Europeans seem to instinctively understand this much better than Americans. I’ve now spoken at two European events, and both times, I got the sense that the organizers understood what they were doing much better. They struck the right balance between context and agenda. There was more of a festive air to the proceedings. Online components were more thoughtfully integrated.
This could be partly because America is more of a low-context culture than the rest of the world, with a much more transactional approach to events.
Events are Eating Organizations
In a way, the best way to understand what’s going on is that events are eating organizations. This is a corollary that follows from Marc Andreessen’s observation that software is eating everything. Events are software. Organizations are hardware.
Organizations are ultimately abstractions that make some class of interactions cheaper by codifying them within a structural boundary. Digital technology makes much of that codification fluid or entirely unnecessary. A software project living on github does not really need to have an associated organization until much later in its scaling journey.
You could say that software eats Gesellschaft and all that remains is Gemeinschaft. Events without organizations.

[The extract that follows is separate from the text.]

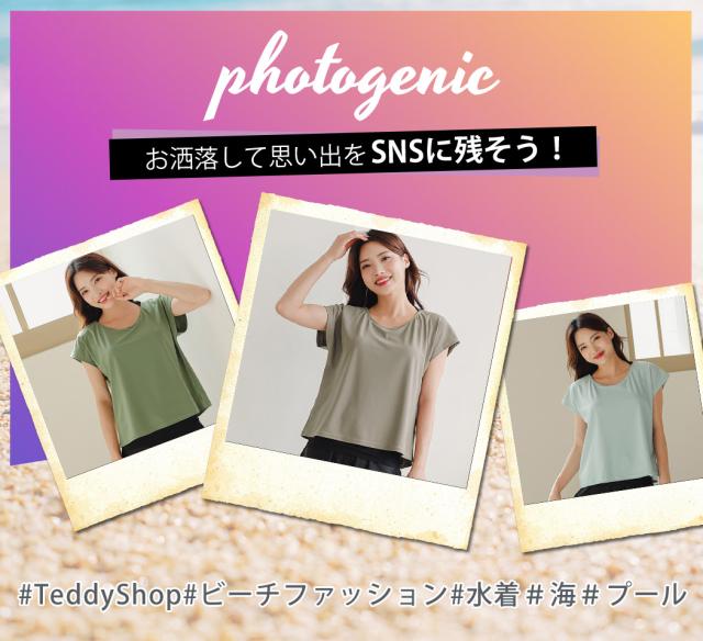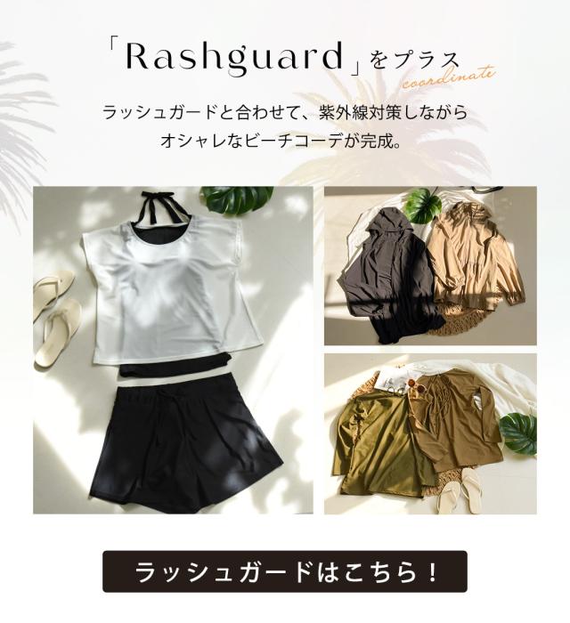 ラッシュガードと合わせて、紫外線対策しながらオシャレなビーチコーデが完成。

There is a new Greatest Show on Earth: the Internet. The subtext and context for this show are the new breed of amateurized events. This is more than just disruption of traditional conference culture by new conference culture. It is a slow shift in the very nature of social organization.
I think there’s a lot going on as part of this overall process. Events have always been important in the history of technology (the 19th century was a parade of World Fairs for example), but generally organizations have been the more important part of the equation. Technological eras are identified by their associated institutions.
With the Internet however, organizations recede into the background, and events carry more of the burden of economic and cultural life. At one point, it even struck me that Silicon Valley is best understood as one continuous tradeshow. Startups, until they become profitable, are more like booths or exhibits at a 19th century World Fair than companies. Meetups are pre-organizations that may never turn into organizations. The tech blogosphere is more like live event commentary than “news” in the sense of newspapers. The press in the traditional sense is an institution, but the blogosphere is a show.
This suggests that there are interesting challenges ahead for organizations with a particularly high proportion of Gemeinschaft to Gesellschaft, like universities.
On the one hand, they are likely to get unbundled into events, wherever context and subtext are important.
On the other hand, for “commodity” courses (like Statistics 101, say), with relatively low context/subtext and high textuality, we will see massive aggregation online. This is already happening with MOOCs on Coursera, Khan Academy, and so forth.
Blogs as Extended Events
Lately, I’ve started to think of what I do as an ongoing event with online and offline components, rather than content creation. The writing is the story of the event. It makes most sense when situated within the event stream it catalyzes.
I am not quite sure what that means, but it is a fertile framing that gets me thinking more clearly about some challenges. Every year, more of ribbonfarm seems to go offline or offsite.
I’ll be at ALM Chicago March 5-7. I’ll be doing a workshop format talk on systems thinking. Hopefully I’ll meet some of you there.
And of course, my own biggest little experiment, Refactor Camp, is two weeks from now. We’ll see what happens in this second iteration.